To do:
Drop every picture. Return the rest of the entries exactly.

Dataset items
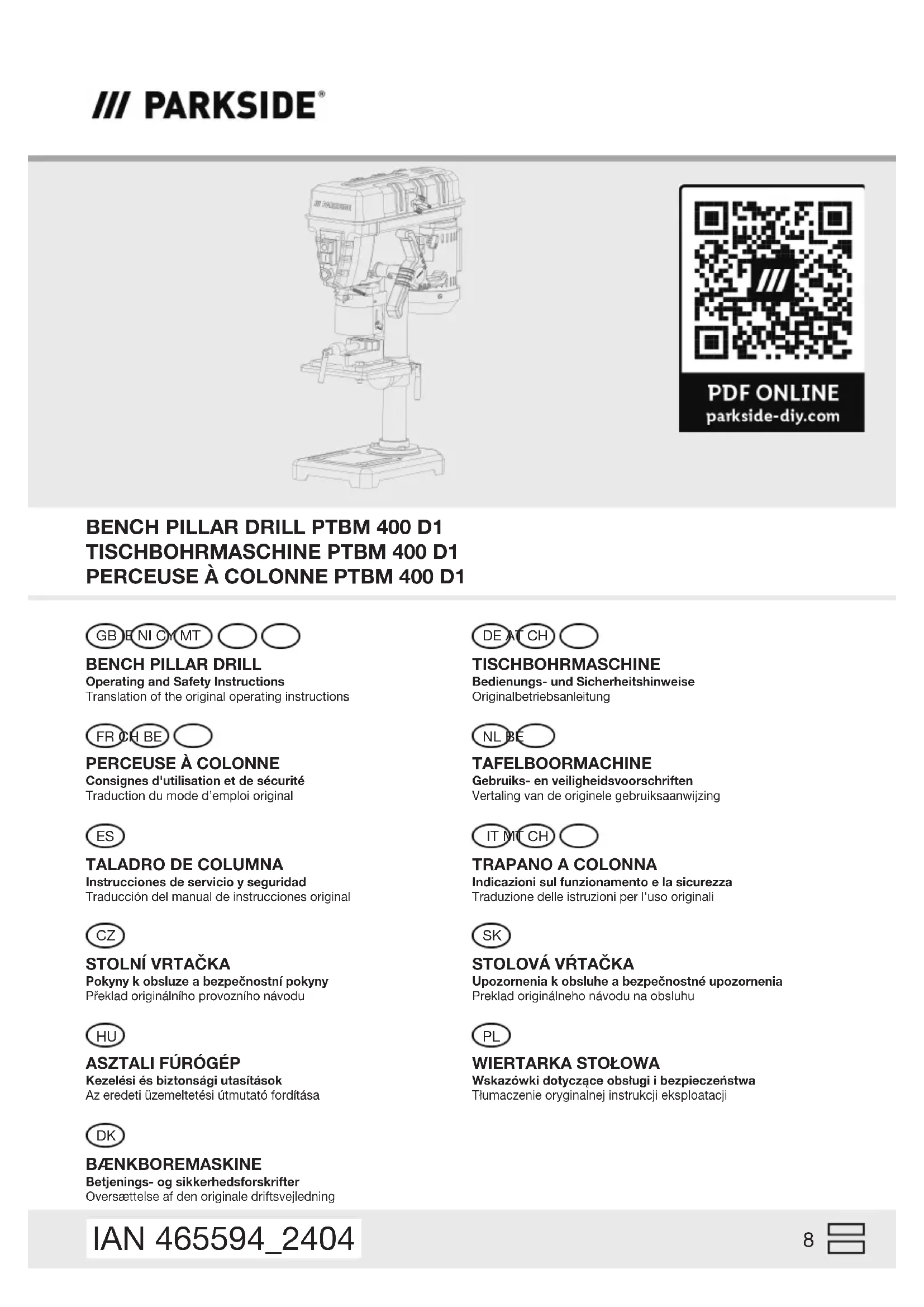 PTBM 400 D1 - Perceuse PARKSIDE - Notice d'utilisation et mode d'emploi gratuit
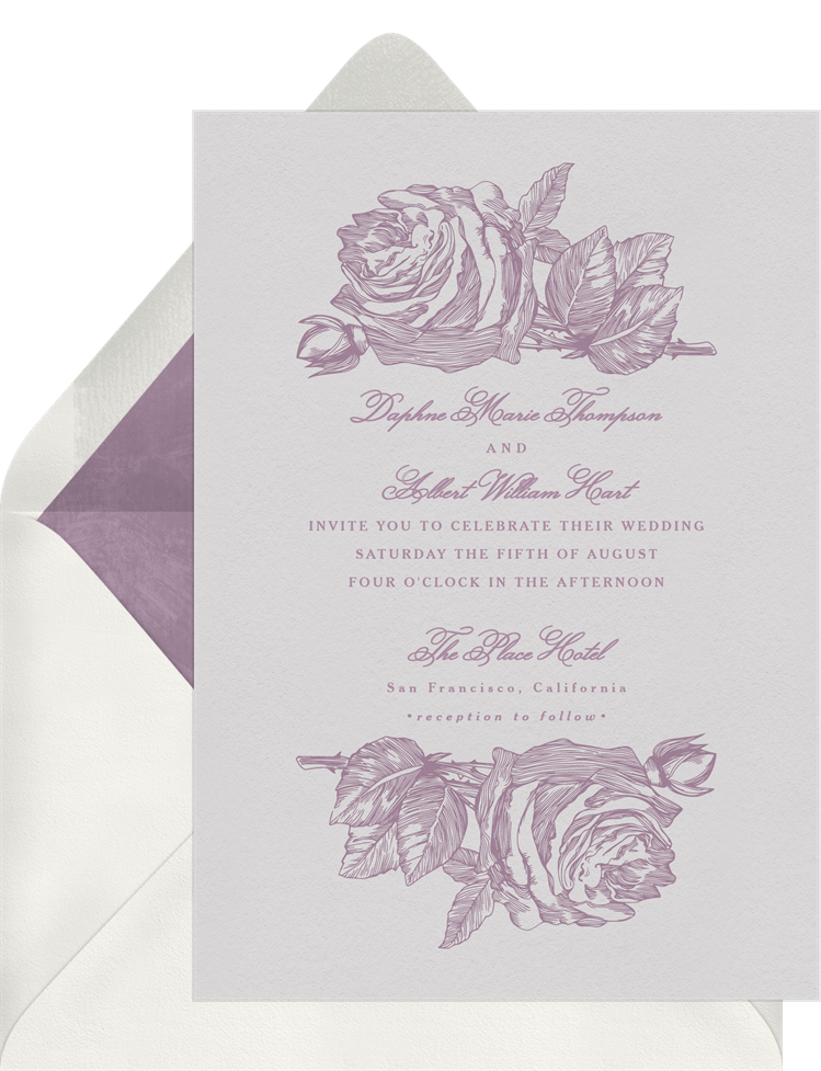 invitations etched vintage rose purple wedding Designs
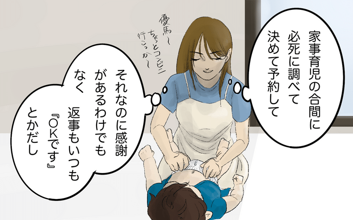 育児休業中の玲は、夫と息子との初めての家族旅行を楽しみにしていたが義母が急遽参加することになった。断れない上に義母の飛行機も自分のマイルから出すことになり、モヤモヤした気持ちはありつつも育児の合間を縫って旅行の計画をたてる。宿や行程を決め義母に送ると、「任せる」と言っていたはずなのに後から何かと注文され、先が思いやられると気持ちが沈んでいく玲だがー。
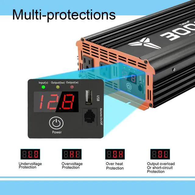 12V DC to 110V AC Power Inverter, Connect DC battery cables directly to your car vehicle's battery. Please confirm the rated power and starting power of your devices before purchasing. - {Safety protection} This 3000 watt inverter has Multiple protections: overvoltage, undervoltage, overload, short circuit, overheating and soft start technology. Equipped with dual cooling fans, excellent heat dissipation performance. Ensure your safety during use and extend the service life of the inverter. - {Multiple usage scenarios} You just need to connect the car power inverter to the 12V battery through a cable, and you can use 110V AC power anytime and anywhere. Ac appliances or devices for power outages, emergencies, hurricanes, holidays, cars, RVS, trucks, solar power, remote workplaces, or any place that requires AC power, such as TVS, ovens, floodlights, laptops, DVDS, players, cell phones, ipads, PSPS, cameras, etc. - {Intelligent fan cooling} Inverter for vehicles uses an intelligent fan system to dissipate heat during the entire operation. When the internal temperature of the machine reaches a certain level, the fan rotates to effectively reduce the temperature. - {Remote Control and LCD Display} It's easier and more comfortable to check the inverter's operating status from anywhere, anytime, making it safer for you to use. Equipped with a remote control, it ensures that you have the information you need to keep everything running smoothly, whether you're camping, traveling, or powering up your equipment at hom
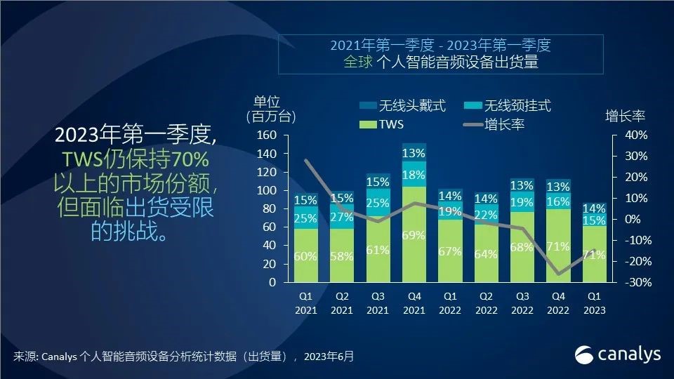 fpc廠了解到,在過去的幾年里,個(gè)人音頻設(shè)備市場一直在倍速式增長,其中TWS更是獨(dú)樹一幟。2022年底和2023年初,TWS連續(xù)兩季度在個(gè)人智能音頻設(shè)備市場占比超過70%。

Answer section:
 PTBM 400 D1 - Perceuse PARKSIDE - Notice d'utilisation et mode d'emploi gratuit
 invitations etched vintage rose purple wedding Designs
 育児休業中の玲は、夫と息子との初めての家族旅行を楽しみにしていたが義母が急遽参加することになった。断れない上に義母の飛行機も自分のマイルから出すことになり、モヤモヤした気持ちはありつつも育児の合間を縫って旅行の計画をたてる。宿や行程を決め義母に送ると、「任せる」と言っていたはずなのに後から何かと注文され、先が思いやられると気持ちが沈んでいく玲だがー。
 12V DC to 110V AC Power Inverter, Connect DC battery cables directly to your car vehicle's battery. Please confirm the rated power and starting power of your devices before purchasing. - {Safety protection} This 3000 watt inverter has Multiple protections: overvoltage, undervoltage, overload, short circuit, overheating and soft start technology. Equipped with dual cooling fans, excellent heat dissipation performance. Ensure your safety during use and extend the service life of the inverter. - {Multiple usage scenarios} You just need to connect the car power inverter to the 12V battery through a cable, and you can use 110V AC power anytime and anywhere. Ac appliances or devices for power outages, emergencies, hurricanes, holidays, cars, RVS, trucks, solar power, remote workplaces, or any place that requires AC power, such as TVS, ovens, floodlights, laptops, DVDS, players, cell phones, ipads, PSPS, cameras, etc. - {Intelligent fan cooling} Inverter for vehicles uses an intelligent fan system to dissipate heat during the entire operation. When the internal temperature of the machine reaches a certain level, the fan rotates to effectively reduce the temperature. - {Remote Control and LCD Display} It's easier and more comfortable to check the inverter's operating status from anywhere, anytime, making it safer for you to use. Equipped with a remote control, it ensures that you have the information you need to keep everything running smoothly, whether you're camping, traveling, or powering up your equipment at hom
 fpc廠了解到,在過去的幾年里,個(gè)人音頻設(shè)備市場一直在倍速式增長,其中TWS更是獨(dú)樹一幟。2022年底和2023年初,TWS連續(xù)兩季度在個(gè)人智能音頻設(shè)備市場占比超過70%。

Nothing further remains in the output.